In this walkthrough, we are going to set up a virtual development machine on GCP, install some profiling support, and see what we can see about the performance of a few toy codes.

Before we get started, you should set up a Linux VM on GCP. I recommend an e2-micro instance with the stock Debian 10 (Buster) OS and a 10 GB drive. This doesn’t include a lot of amenities, so you will probably want to grab a few packages before we begin: compilers, profilers, and tools. Here is how I set things up

  sudo apt-get install build-essential
  sudo apt-get install llvm
  sudo apt-get install clang
  sudo apt-get install git
  sudo apt-get install google-perftools
  sudo apt-get install valgrind

Performance counters and virtual despair

If you have access to a physical machine with no virtualization, and you are able to get root access, you can use performance counters to tell things like how many cache misses you suffered, how many misalignment penalties, and so forth. There are a few libraries that make use of these performance counters, including the Linux perf system and likwid (Like I Know What I’m Doing). There are also some very nice commercial packages like the Intel Parallel Studio (big chunks are available gratis in educational settings).

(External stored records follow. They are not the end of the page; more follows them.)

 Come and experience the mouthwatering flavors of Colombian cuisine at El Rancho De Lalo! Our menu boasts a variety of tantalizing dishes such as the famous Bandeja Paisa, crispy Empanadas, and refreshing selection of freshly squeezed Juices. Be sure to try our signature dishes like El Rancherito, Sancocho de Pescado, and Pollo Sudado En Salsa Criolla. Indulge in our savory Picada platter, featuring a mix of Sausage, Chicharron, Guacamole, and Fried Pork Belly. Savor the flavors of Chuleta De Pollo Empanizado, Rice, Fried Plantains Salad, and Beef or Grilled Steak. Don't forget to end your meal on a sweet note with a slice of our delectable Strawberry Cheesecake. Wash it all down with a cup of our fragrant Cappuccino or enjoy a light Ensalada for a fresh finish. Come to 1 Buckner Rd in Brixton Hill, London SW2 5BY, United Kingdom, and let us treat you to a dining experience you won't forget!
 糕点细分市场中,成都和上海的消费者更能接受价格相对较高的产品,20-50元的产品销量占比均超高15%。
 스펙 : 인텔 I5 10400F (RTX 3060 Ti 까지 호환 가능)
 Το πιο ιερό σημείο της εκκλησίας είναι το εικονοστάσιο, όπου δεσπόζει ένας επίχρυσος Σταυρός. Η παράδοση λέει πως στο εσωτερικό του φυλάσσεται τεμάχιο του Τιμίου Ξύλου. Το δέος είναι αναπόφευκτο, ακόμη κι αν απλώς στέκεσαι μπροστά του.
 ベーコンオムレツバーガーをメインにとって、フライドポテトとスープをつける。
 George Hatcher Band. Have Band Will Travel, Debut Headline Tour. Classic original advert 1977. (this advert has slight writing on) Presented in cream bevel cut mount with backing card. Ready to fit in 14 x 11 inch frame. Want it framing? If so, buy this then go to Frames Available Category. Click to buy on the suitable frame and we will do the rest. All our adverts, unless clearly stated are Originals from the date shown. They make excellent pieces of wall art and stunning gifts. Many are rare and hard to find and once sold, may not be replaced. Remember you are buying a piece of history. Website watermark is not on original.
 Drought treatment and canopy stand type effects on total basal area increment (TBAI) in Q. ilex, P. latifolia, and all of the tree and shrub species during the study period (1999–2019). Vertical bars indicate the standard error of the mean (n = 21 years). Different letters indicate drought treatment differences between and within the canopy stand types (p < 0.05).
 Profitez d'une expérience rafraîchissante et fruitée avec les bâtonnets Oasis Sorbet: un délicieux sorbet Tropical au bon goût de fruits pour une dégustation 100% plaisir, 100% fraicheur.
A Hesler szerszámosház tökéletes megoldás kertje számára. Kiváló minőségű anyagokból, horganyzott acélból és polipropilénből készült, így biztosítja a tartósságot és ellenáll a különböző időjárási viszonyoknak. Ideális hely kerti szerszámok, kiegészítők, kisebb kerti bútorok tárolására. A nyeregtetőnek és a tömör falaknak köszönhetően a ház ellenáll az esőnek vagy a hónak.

Unfortunately, the virtualization on the Google Compute Engine is set up not to share the hardware performance counters. I believe this is because it is considered a security risk; nonetheless, it’s annoying for fine-grain profiling work.

You should feel free to install these tools on your own systems, but we are going to assume they are off-limits for the rest of this walkthrough.

Google PerfTools

The Google PerfTools package (previously known as gperftools) is a simple sampling profiler. It works pretty well, but you have to know how to use it. To run the profiler, you have to run the code with the profiling library. This generates a profiling output file that you can look at with the viewer tool.

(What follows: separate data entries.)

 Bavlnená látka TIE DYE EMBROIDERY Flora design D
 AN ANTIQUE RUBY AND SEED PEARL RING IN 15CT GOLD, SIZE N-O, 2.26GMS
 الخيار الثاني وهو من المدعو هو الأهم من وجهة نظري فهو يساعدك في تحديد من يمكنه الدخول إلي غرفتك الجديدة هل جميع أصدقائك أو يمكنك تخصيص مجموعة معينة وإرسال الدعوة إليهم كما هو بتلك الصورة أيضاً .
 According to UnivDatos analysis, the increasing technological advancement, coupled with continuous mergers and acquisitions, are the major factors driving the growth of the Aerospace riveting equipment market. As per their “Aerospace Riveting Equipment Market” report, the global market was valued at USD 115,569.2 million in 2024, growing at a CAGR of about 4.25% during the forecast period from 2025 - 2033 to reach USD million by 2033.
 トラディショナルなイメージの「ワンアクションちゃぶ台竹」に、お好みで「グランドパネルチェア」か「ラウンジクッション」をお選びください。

Using our centroid demo as an example, we the following line to collect the profiling information

  CPUPROFILE=/tmp/profile \
    LD_PRELOAD=/usr/lib/x86_64-linux-gnu/libprofiler.so.0 \
    ./centroid.x

Yes, it’s a bit of a mouthful. The LD_PRELOAD variable tells the linker that we want to include the profiling library, and CPUPROFILE is the name of the file that we want to write data into. We don’t need to do anything at compile time to make this work; it is all at run time.

Once we have run the profile, we have to take a look at the output. We will do this with the profile viewer

  google-pprof ./centroid.x /tmp/profile

Details of viewer subcommands are listed). You will typically want to compile with debugging symbols (-g) in order to get the most insight possible out of this exercise.

An old favorite: gprof

An alternate way to collect profiling information is by compiling your code with the -pg flag in GCC. Once this is done, any run will produce a data file called gmon.out, which you can then view with the gprof profiler.

  gprof ./centroid.x

This shows a summary of the time spent in various functions. Note that if you use the default GCC version and stay with optimization level O2, some of the functions (particularly centroid1 and centroid3) are likely to be inlined on your behalf. This is a fine optimization, but it’s awful for understanding a profile.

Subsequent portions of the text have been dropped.